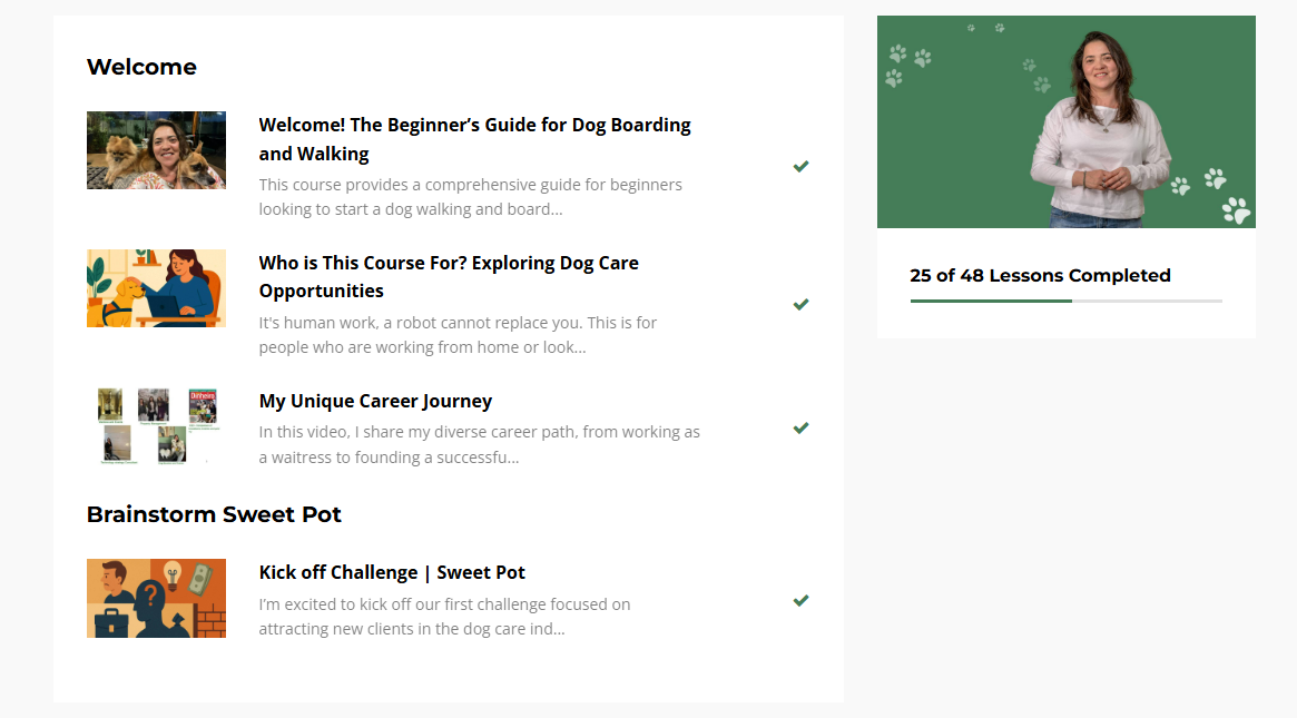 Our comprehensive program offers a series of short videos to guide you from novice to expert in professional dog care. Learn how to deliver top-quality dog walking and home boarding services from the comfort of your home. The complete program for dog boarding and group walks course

========

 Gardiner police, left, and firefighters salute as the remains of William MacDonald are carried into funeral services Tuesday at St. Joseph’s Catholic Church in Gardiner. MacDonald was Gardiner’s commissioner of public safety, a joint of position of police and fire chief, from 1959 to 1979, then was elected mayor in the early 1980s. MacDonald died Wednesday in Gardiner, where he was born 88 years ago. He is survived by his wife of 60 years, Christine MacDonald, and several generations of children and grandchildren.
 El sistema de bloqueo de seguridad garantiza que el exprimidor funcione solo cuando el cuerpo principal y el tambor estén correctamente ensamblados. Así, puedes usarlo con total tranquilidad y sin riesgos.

========

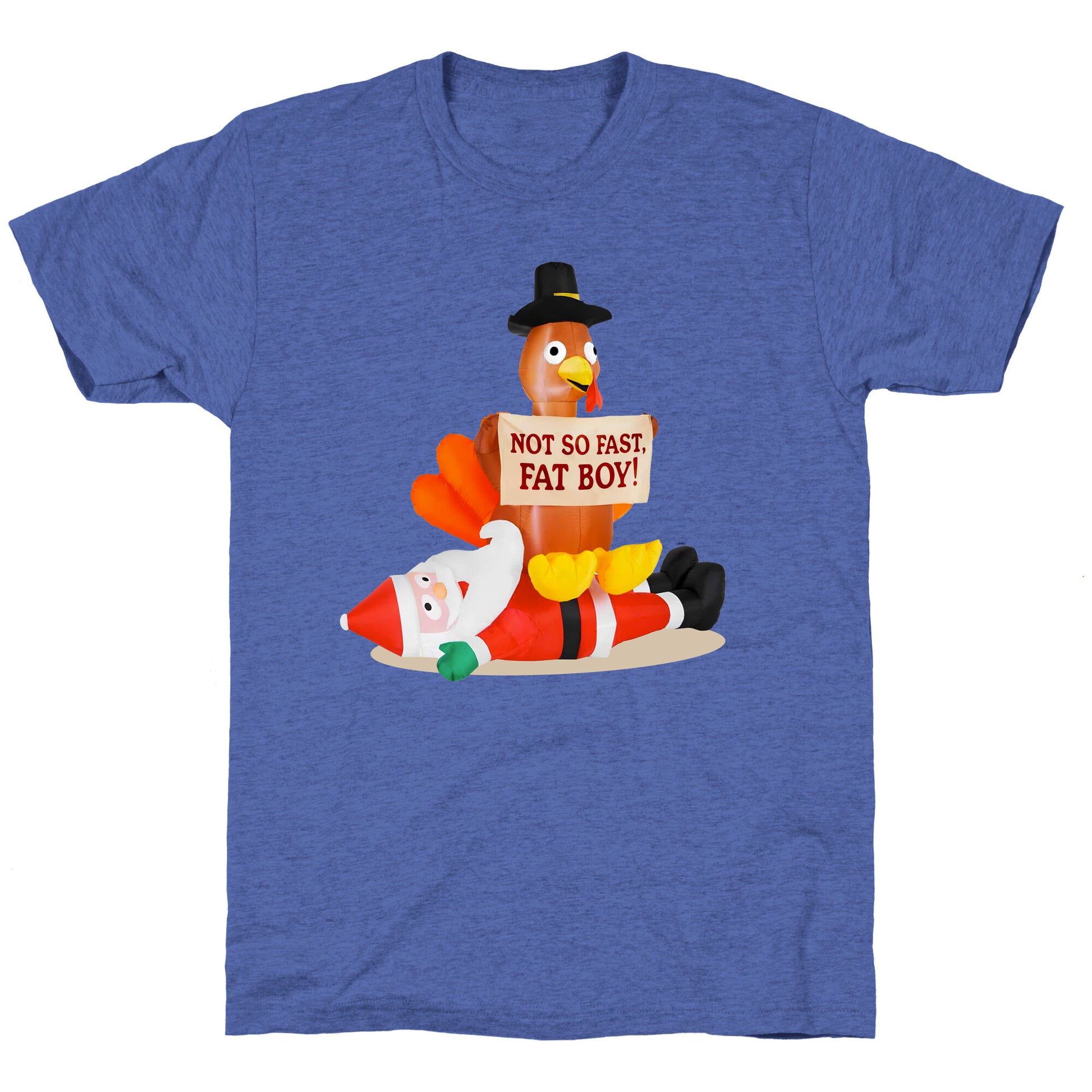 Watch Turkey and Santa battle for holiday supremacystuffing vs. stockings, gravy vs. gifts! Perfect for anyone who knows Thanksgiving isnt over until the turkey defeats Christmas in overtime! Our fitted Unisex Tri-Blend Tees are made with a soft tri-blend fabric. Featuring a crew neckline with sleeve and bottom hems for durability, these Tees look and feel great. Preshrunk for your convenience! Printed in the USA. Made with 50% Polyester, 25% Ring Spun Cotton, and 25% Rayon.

========

*What the task requires:*
Above are the entries. Quote exactly the lines from the one bearing "Gardiner police, left, and" through the one bearing "El sistema de".

*Finished task:*
 Gardiner police, left, and firefighters salute as the remains of William MacDonald are carried into funeral services Tuesday at St. Joseph’s Catholic Church in Gardiner. MacDonald was Gardiner’s commissioner of public safety, a joint of position of police and fire chief, from 1959 to 1979, then was elected mayor in the early 1980s. MacDonald died Wednesday in Gardiner, where he was born 88 years ago. He is survived by his wife of 60 years, Christine MacDonald, and several generations of children and grandchildren.
 El sistema de bloqueo de seguridad garantiza que el exprimidor funcione solo cuando el cuerpo principal y el tambor estén correctamente ensamblados. Así, puedes usarlo con total tranquilidad y sin riesgos.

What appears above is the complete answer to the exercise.